Typical samples (high signal, common class instances) produce similar generalization error for both SGD- and SAM-trained models.
Atypical samples (low signal, rare or confusing class instances) see diverging generalization errors, with SAM substantially outperforming SGD.

The paper presents an informal theorem:

$|L_{01}(W_\text{SAM} \text{ on typical}) - L_{01}(W_\text{SGD} \text{ on typical})| \leq \epsilon$

$|L_{01}(W_\text{SAM} \text{ on atypical}) - L_{01}(W_\text{SGD} \text{ on atypical})| \geq 0.1 - \epsilon$

This quantifies the advantage of sharpness-aware updates for boundary and rare examples. SAMOSA operationalizes this by using the discrepancy in model outputs as a proxy for atypicality.

2. Algorithmic Structure

The SAMOSA algorithm proceeds in iterative query rounds:

Dual Model Training: On the labeled sample pool, two models are maintained:
- $f_\text{SGD}$ : trained with vanilla stochastic gradient descent.
- $f_\text{SAM}$ : trained with sharpness-aware minimization.
Atypicality Scoring: For each candidate sample $x$ in the unlabeled pool, SAMOSA computes the SAMIS-P score:

$S(x) = \| f_\text{SAM}(x) - f_\text{SGD}(x) \|_1$

This measures the L1 discrepancy between predicted probabilities, with higher scores indicating samples near the model's ambiguity regions.

Open Set Filtering: Before ranking, a $|K| + 1$ -class classifier ("distinguisher") is deployed to identify and exclude samples predicted to belong to unknown or irrelevant classes (the $K+1$ -th output).
Sample Selection: Samples are sorted in descending order of $S(x)$ ; the top $q$ samples are selected for annotation, directly prioritizing atypical, boundary-adjacent points. This process is repeated for a fixed number of query rounds.

Optional variants include SAMOSA-L, which samples low-scoring (typical) examples for the purpose of valid known-class expansion, maximizing recall.

3. Informativeness and Decision Boundary Localization

Empirical results confirm that high-SAMIS-P score samples identified by SAMOSA populate regions near the model's decision boundaries within the embedding manifold. These samples are inherently more informative for improving the discrimination power of the learned classifier, especially under open set conditions where ambiguity is compounded by unknown class interference.
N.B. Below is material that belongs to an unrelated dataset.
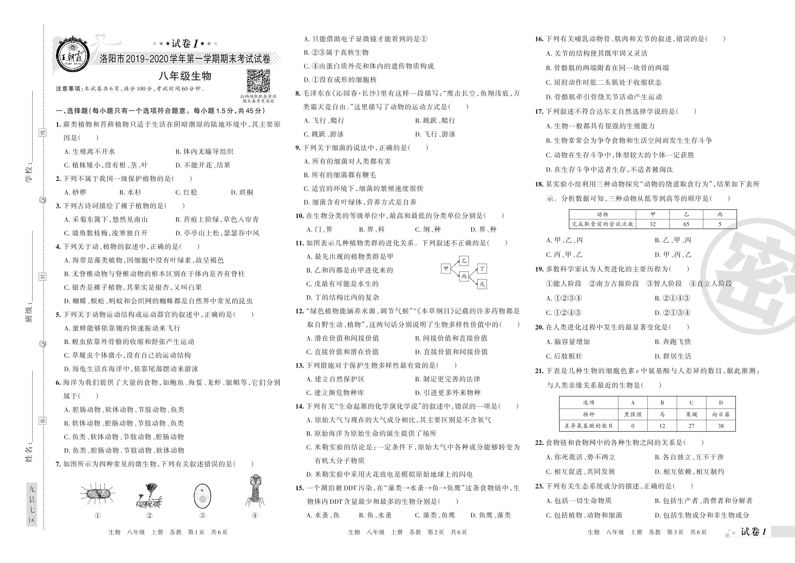 2019-2020学年第一学期洛阳市八年级生物试卷(苏教版)【1】

This approach contrasts strongly with standard uncertainty-based active learning, which may overselect redundant samples from well-understood regions, and open set strategies that rely solely on unknown-class filtering.

4. Performance Analysis

SAMOSA demonstrates clear empirical benefits:

Classification Accuracy: Up to 3% improvement over contemporary open set active learning baselines (e.g., EOAL, MQNet) on CIFAR10, CIFAR100, and TinyImageNet with mismatch ratios up to 40%.
Sample Effectiveness: By targeting atypical samples, SAMOSA improves generalization and robustness versus baselines that optimize only precision (fraction of valid samples among queried).
Computational Overhead: SAMOSA's resource requirements are comparable to leading open set active learning methods; running times on CIFAR100 match those of EOAL and outperform MQNet, despite the dual-model paradigm.
Decision Boundary Coverage: The sampled data points are well-distributed along critical regions for classifier refinement—particularly areas likely to impact out-of-distribution recognition.

SAMOSA distinguishes itself from prior strategies by explicitly exploiting the differential generalization performance between SGD and SAM, rather than relying on entropy or margin sampling. Notably:

Other methods may increase precision by focusing on easy (typical) samples, but SAMOSA demonstrates superior end-to-end effectiveness by querying harder, more ambiguous regions.
The SAMIS-P metric is theoretically justified by the loss gap observed in learning atypical samples.
Dual-model infrastructure allows SAMOSA to adaptively balance between precision and informativeness, as further evidenced by the introduction of the SAMOSA-L variant for specialized situations.

6. Significance for Open Set Active Learning

SAMOSA operates under the realistic regime where annotation budgets are limited and class coverage is incomplete:

By filtering out unknown-class data, annotation resources are not wasted.
By targeting atypical, decision-boundary-adjacent samples, the annotated set achieves higher information density—improving classifier robustness against both in-distribution and open set (out-of-distribution) challenge samples.
The theoretical basis ensures that the strategy targets samples where SAM generalizes much better than SGD, optimizing the impact of each labeling round.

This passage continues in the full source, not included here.